Вот я и постарел еще на год… Друзья уже разошлись. На белой скатерти остались вишневые пятна. В открытую дверь балкона вместе с ночной бабочкой влетает влажный шелест июльской ночи. Пахнет полынью, липовым цветом и нагретым асфальтом. Я еще не достиг того возраста, когда мужчины начинают считать годы. И все же мне жаль, что прошел именно этот год. В руке у меня изящные бериллиевые запонки с причудливым рисунком двойной спирали. Мне подарил их сегодня кто-то из близких. В шуме и смехе я не заметил, кто. Так как же прошел этот год?..

На столе лежит маленькая голубая книжка. Это автореферат моего друга Бориса Лукова. Мой шеф, академик, попросил, чтобы я написал отзыв. Для этого мне не нужно читать голубую книжку. Ведь кому, как не мне, знать, чем занимается Борька. Но написать отзыв все-таки трудно. Никак не могу сосредоточиться: я все еще под впечатлением нашего недавнего разговора.

Мы сидели тогда в Борькиной лаборатории, в маленьком полуподвальчике. Там негде повернуться среди огромных, заваленных всяким металлическим хламом лабораторных столов.
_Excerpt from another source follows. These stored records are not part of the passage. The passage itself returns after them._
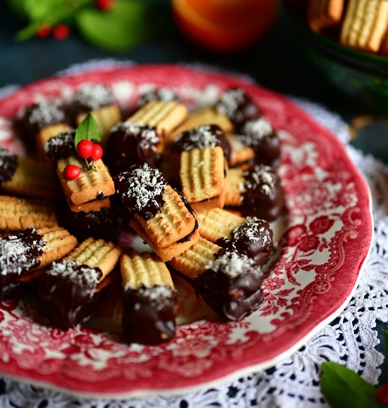 To już 20 rodzaj ciasteczek cieszyńskich na blogu. Jak co roku, wstawiam kolejne i będzie ich jeszcze więcej. Uwielbiam tradycję małych słodkości Śląska Cieszyńskiego i za każdym razem, kiedy jestem w Cieszynie, obowiązkowo odwiedzam sklep z foremkami po stronie czeskiej. Zaopatruje się w foremki do wykrawania i wylepiania ciasteczek. Również zakupuje przystawki do maszynki, by można było wyciskać kruche słodkości. Ciastka z maszynki to klasyka naszej kuchni. Również na terenach Beskidu Cieszyńskiego, wypieka się małe ciasteczka z maszynki, które skleja się powidłami, roztopioną czekoladą lub dżemem malinowym. Dodatkowo jeden z końców ciasteczek, zanurza się w roztopionej czekoladzie. Nadzienie sprawia, że ciastka po pewnym czasie z kruchych, stają się tak miękkie, że rozpływają się ustach. Jeżeli nie macie maszynki, to ciasto można wycisnąć przez rękaw cukierniczy zakończony płaską tylką. Do wypieku najlepiej jest połączyć mąkę pszenną uniwersalną z krupczatką. Ciastka są idealnie kruche po upieczeniu. Jeśli chodzi o powidła do przełożenia, najlepiej użyć gęstych i by były świąteczne, dodać do nich trochę przyprawy piernikowej. Pieczenia, czas start.
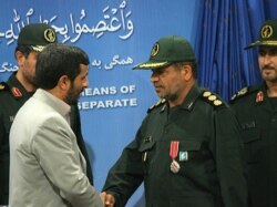 Ahmadinejad (left) giving state awards to the officers who detained the Britons, shortly before he announced they would be released (Fars)
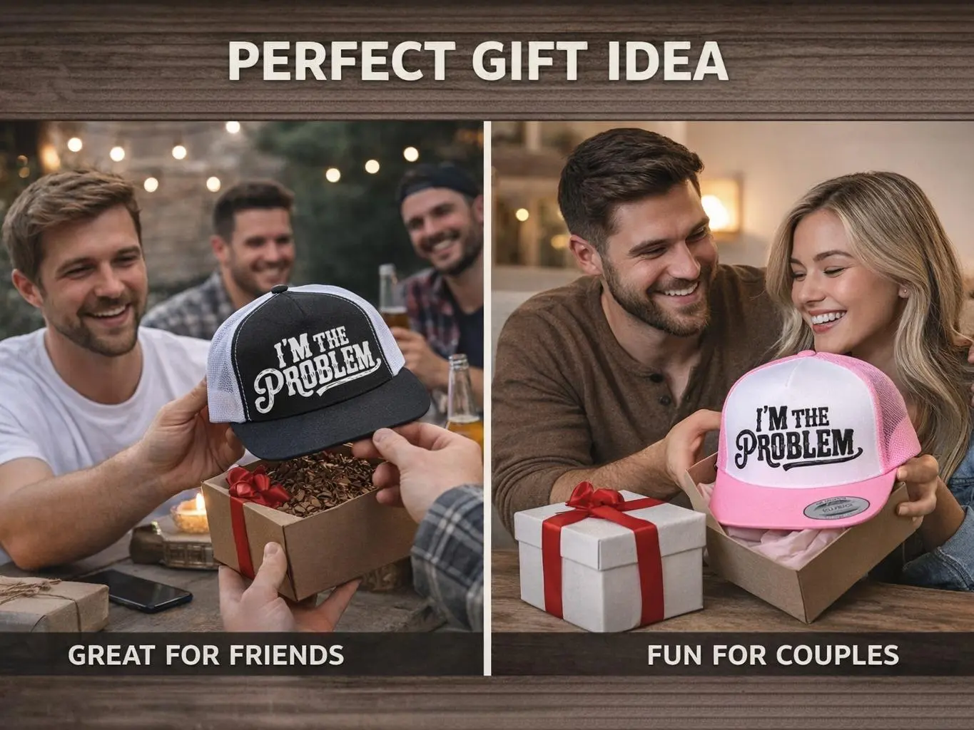 I'm The Problem Trucker Hat – Funny Snapback Hat for Men & Women, Vintage Two-Tone Baseball Cap, Adjustable Mesh Hat, Trendy Gift for Friends & Family

Борька только что получил данные о глубине достигнутого им вакуума; он был взволнован, мне даже показалось раздражен.

— Одна стомиллиардная атмосферы! По-моему, это совсем неплохо, — сказал я, листая только что полученный номер журнала теоретической и экспериментальной физики, в котором была опубликована работа Бориса.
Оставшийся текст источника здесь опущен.